**Material shown:**
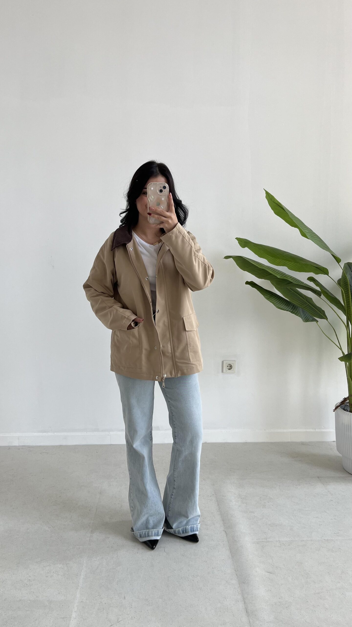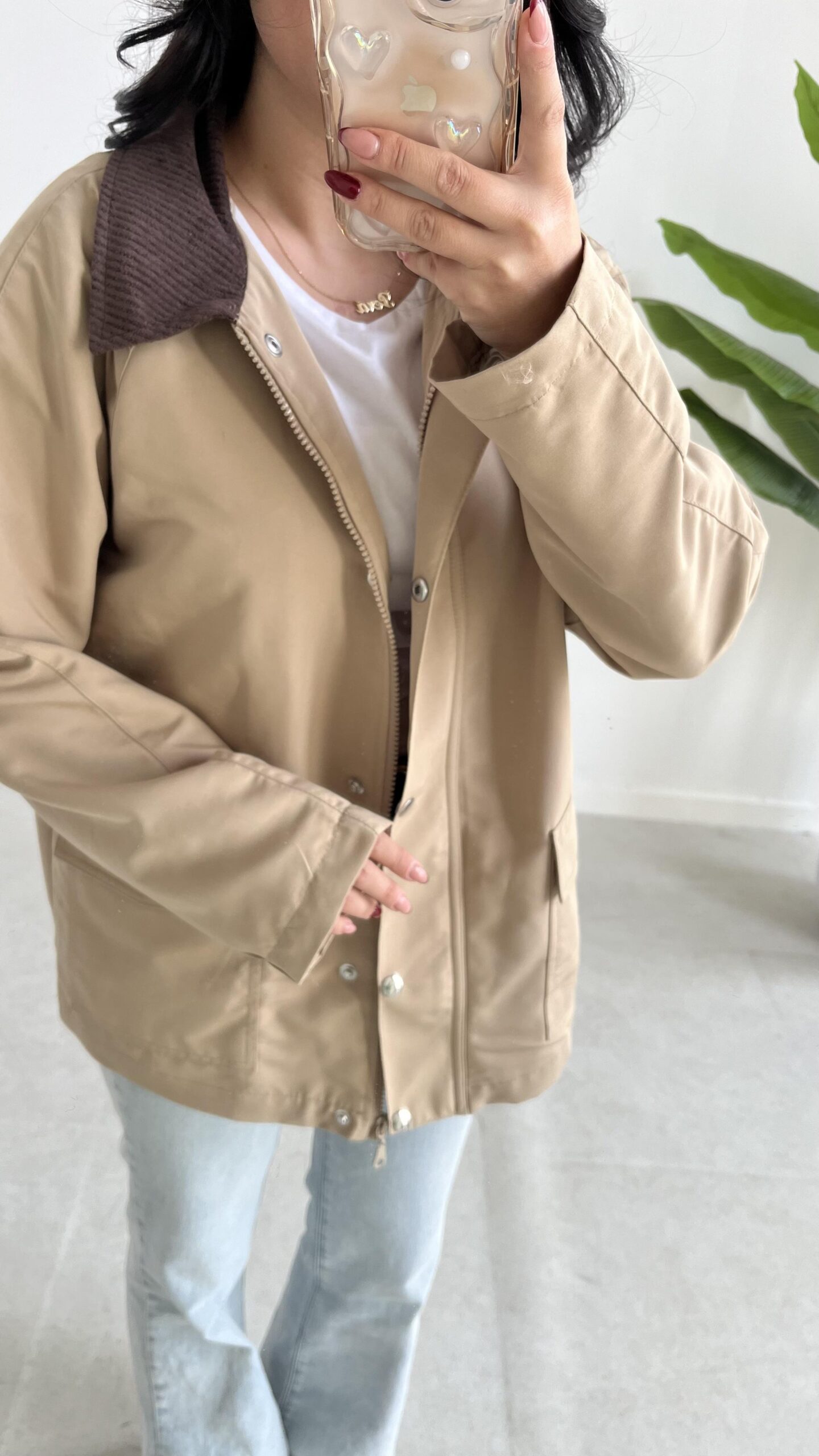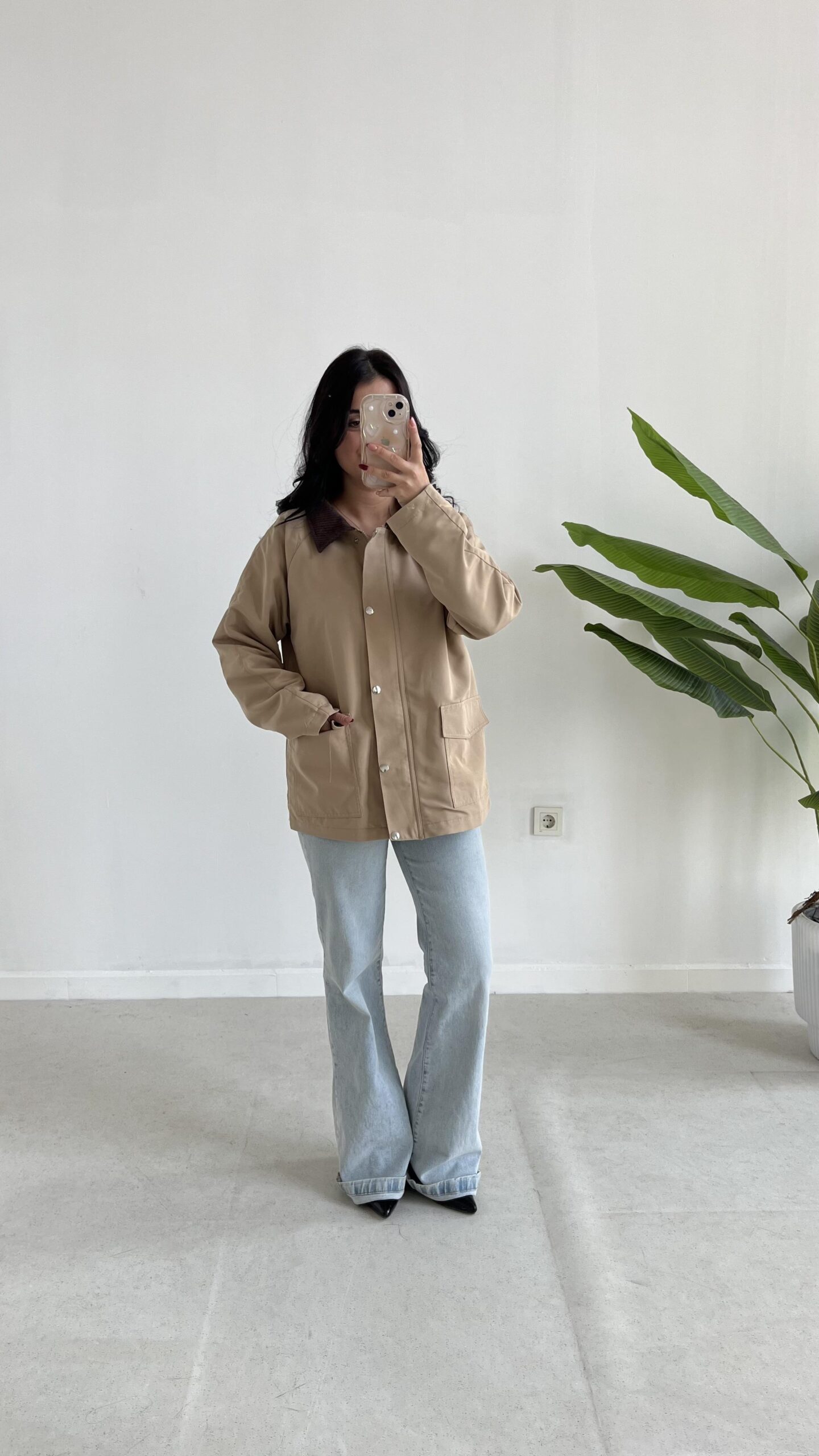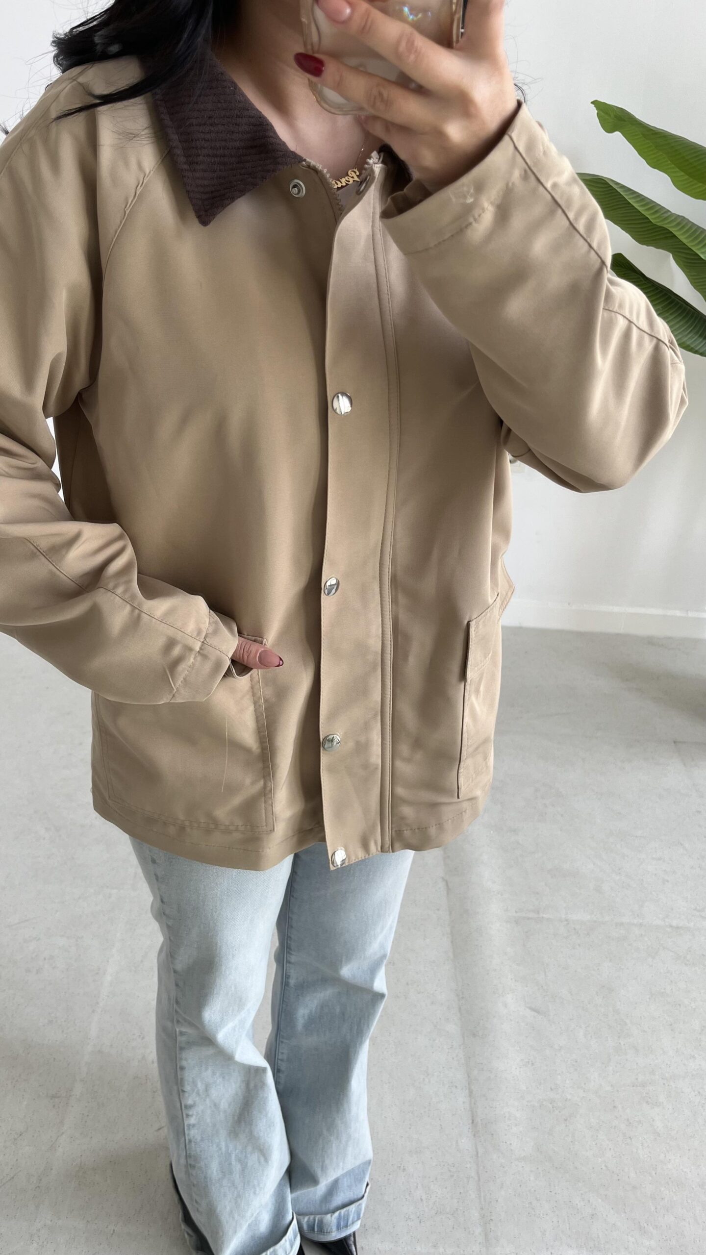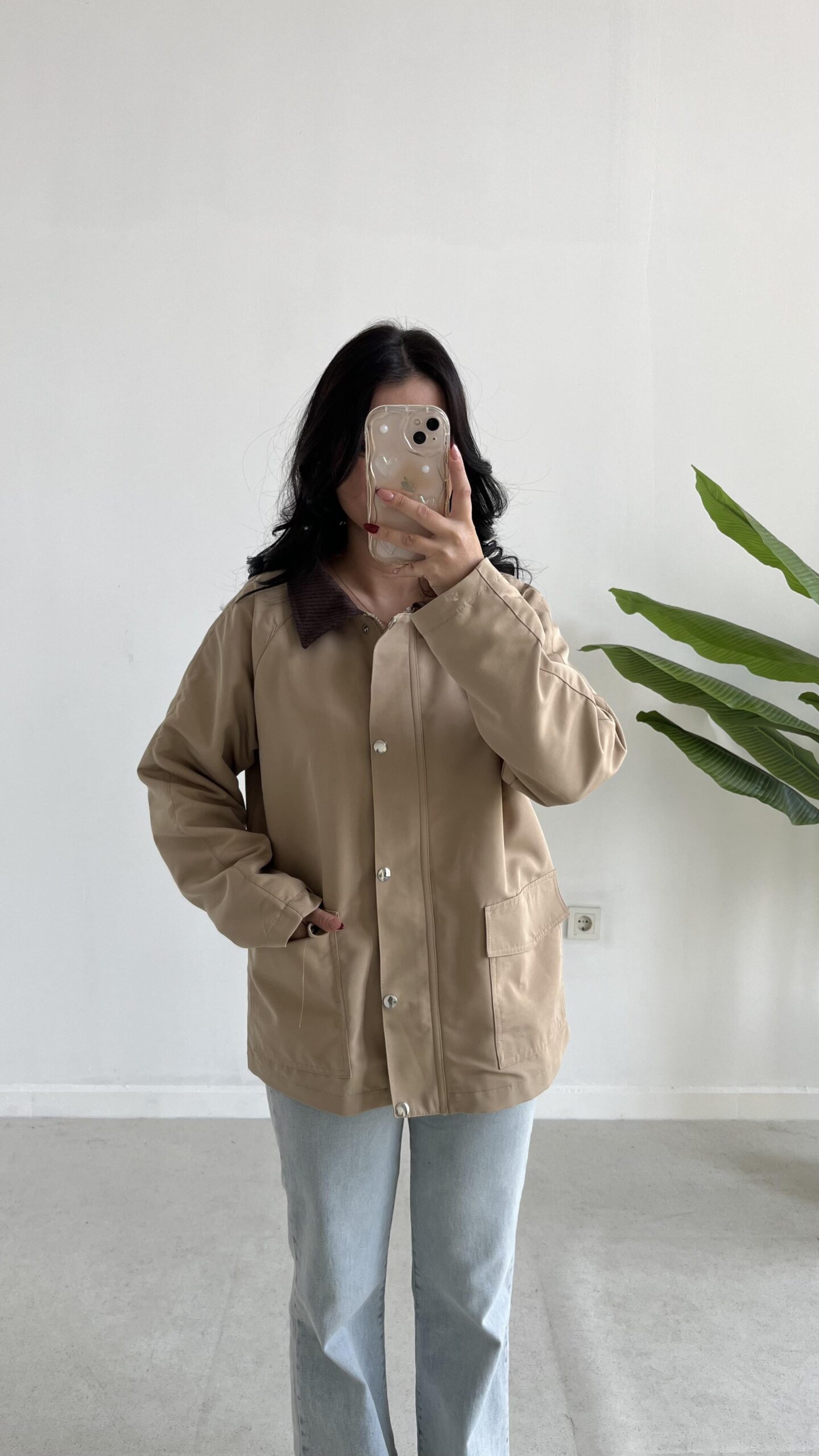 Ortis Kadife Yaka Detaylı Oversize Ceket – Sütlü Kahve
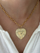 Your choice of engraving on our classic Gracie Heart, gold finished paired on our antiqued gold link chain, 17in
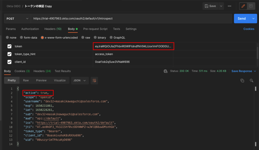 Oktaを認証プロバイダに設定しているSalesforce組織で、Salesforceが保持しているアクセストークンをOktaのトークン検証用APIで正常に動作するか確認した。
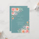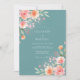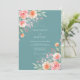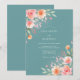 Um delicado arranjo de aquarela de flores de pêssego e blush com folhagem verde suave adorna este fundo azul-turquesa. O estilo pictórico evoca uma atmosfera romântica e arejada, perfeita para uma ocasião caprichosa e elegante.
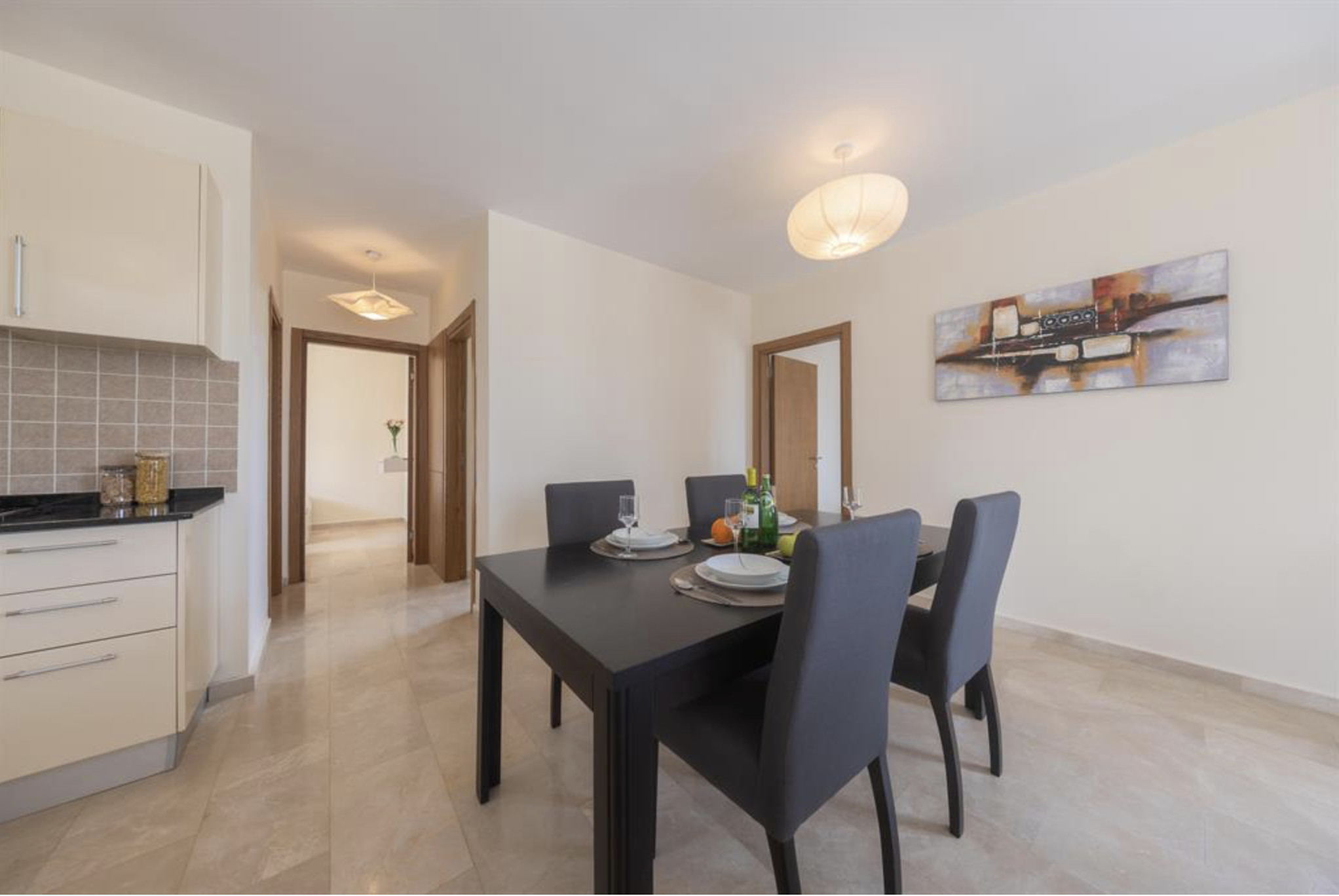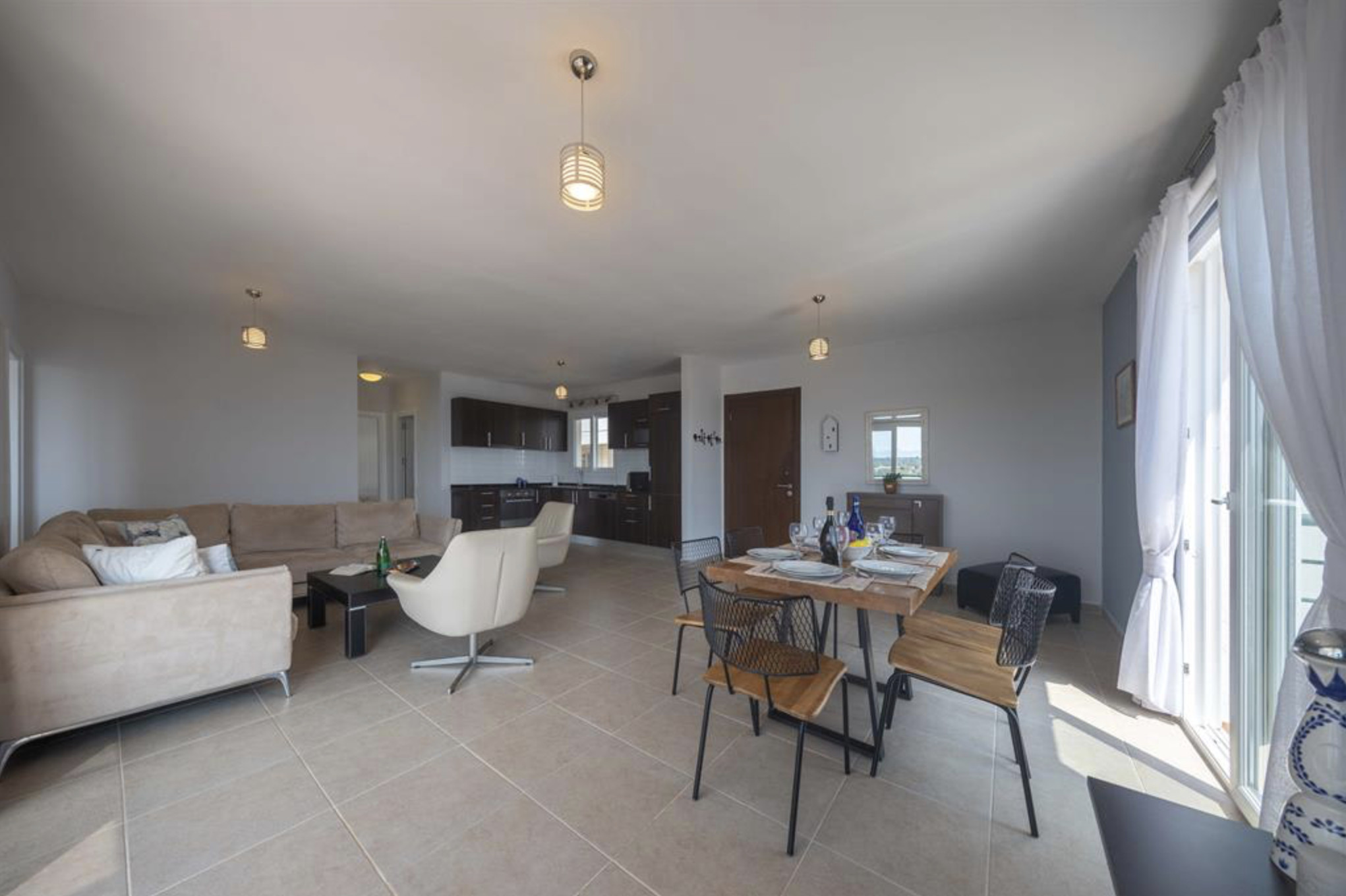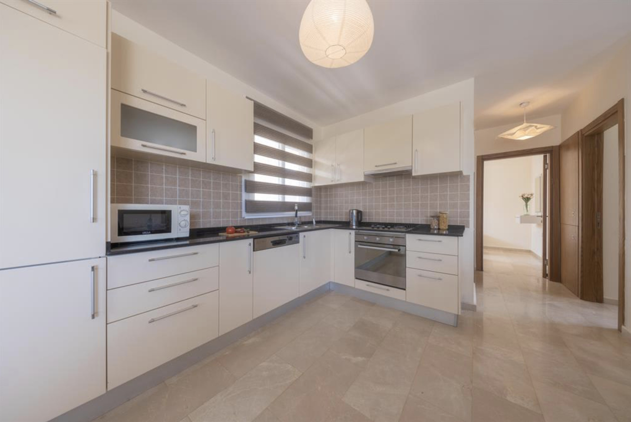 A spacious, 80m2 Three bedroom apartment offering space and comfort for families or group of friends. The apartment has a queen size bed in the master bedroom, 2 single beds in the other, 2nd bedroom and a single bed in the 3rd bedroom. The Apartment is equipped with all essentials such as air conditioning, washing machine, iron, TV and more. Fully equipped kitchen supplied with gas/electric hob, oven, refrigerator & freezer, toaster, kettle dishes/cutlery, and kitchen utensils.

**Task statement:**
Everything from the first line of the records through the line containing "Your choice of" should be repeated exactly, with the pictures left out.

**Exercise answer:**
 Ortis Kadife Yaka Detaylı Oversize Ceket – Sütlü Kahve
 Your choice of engraving on our classic Gracie Heart, gold finished paired on our antiqued gold link chain, 17in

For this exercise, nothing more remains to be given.